За последние несколько лет сократился и срок пребывания в больнице. В Москве, к примеру, врачам не рекомендуют держать пациентов в отделении дольше 30 дней: считается, что этого времени вполне достаточно, чтобы снять острое состояние. После выписки больных переводят в дневной стационар «на долечивание» (*, говорит председатель Независимой психиатрической ассоциации России Любовь Виноградова*). Но контролировать, продолжает ли человек лечиться амбулаторно, почти невозможно. Врач в некоторых случаях может прийти к пациенту домой, если тот пропускает приемы в дневном стационаре. Но заставить человека принимать препараты в условиях амбулаторного наблюдения ни один специалист не имеет права.

Даже если вовремя попасть в клинику, это еще не значит, что там эффективно справятся с первым эпизодом. Ведь чаще всего пациенты с первым обострением попадают в обычное острое отделение психиатрической больницы, а не специализированное отделение для первых эпизодов.

Подпишитесь на рассылку «Проекта» Подписаться

«Длинный коридор, комнаты без дверей»

Олега, жителя небольшого города в Удмуртии, госпитализировали после первого же приема у районного психиатра, куда он пришел с симптомами депрессии — апатичный, не способный испытывать эмоции, смертельно уставший и в «ужасном» настроении.

— В России отвратительные психушки. Чисто тюрьма. Длинный коридор, комнаты без дверей. В этих комнатах штук по десять кроватей. 60 человек в отделении, все незнакомые. Некоторые есть совсем в тяжелом состоянии. Там человек лежал, он был какой-то урка, тюремный. И он меня травил, — вспоминает Олег.

Загруженность палат он описывает как «очень много людей и 3-4 врача», которые редко встречаются с пациентами. Олегу три раза в день давали «Сульпирид» (* — нейролептик, регулирующий работу центральной нервной системы. Назначается при психозах, обладает слабым антидепрессивным и психостимулирующим действием*). «Когда он накопился, я не мог расслабиться, не мог лежать и ходить, какая-то фигня происходила с телом. Физически было плохо. Апатия, депрессивное состояние как были, так и остались», — рассказывает он.
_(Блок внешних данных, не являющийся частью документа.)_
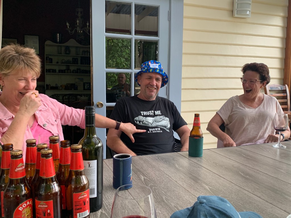 On our way home, we stocked up ready for our farm stay and some of us enjoyed a night cap in Robbie and Al’s room.
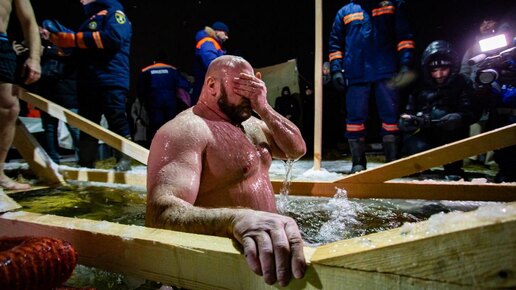 Это то самое купание в проруби на Крещение.Смотрел без присутствия жены!При ней такое лучше не смотреть!😅

После выписки жизнь Олега, по его словам, складывалась «очень плохо». Из-за постоянной депрессии он не может ни учиться, ни работать. На его счету еще две госпитализации: целью последней было получить инвалидность, чтобы хоть на что-то жить. Сейчас он проводит большую часть своего времени дома с мамой, у которой тоже есть психическое расстройство.

Психиатрическая больница в Ижевске. Источник: ros-spravka.ru

Пример Олега показывает, почему лечение первого эпизода в обычном остром отделении психиатрии может лишь усугубить состояние обратившегося. На начальных стадиях психиатрических заболеваний нужны особые условия.

Во-первых, необходима обособленность — первичных пациентов не рекомендуется смешивать с теми, кто давно и тяжело болеет. В них «новички», как правило, видят свое будущее — а это, в свою очередь, затрудняет восстановление (*, объясняет Кира Гебель*).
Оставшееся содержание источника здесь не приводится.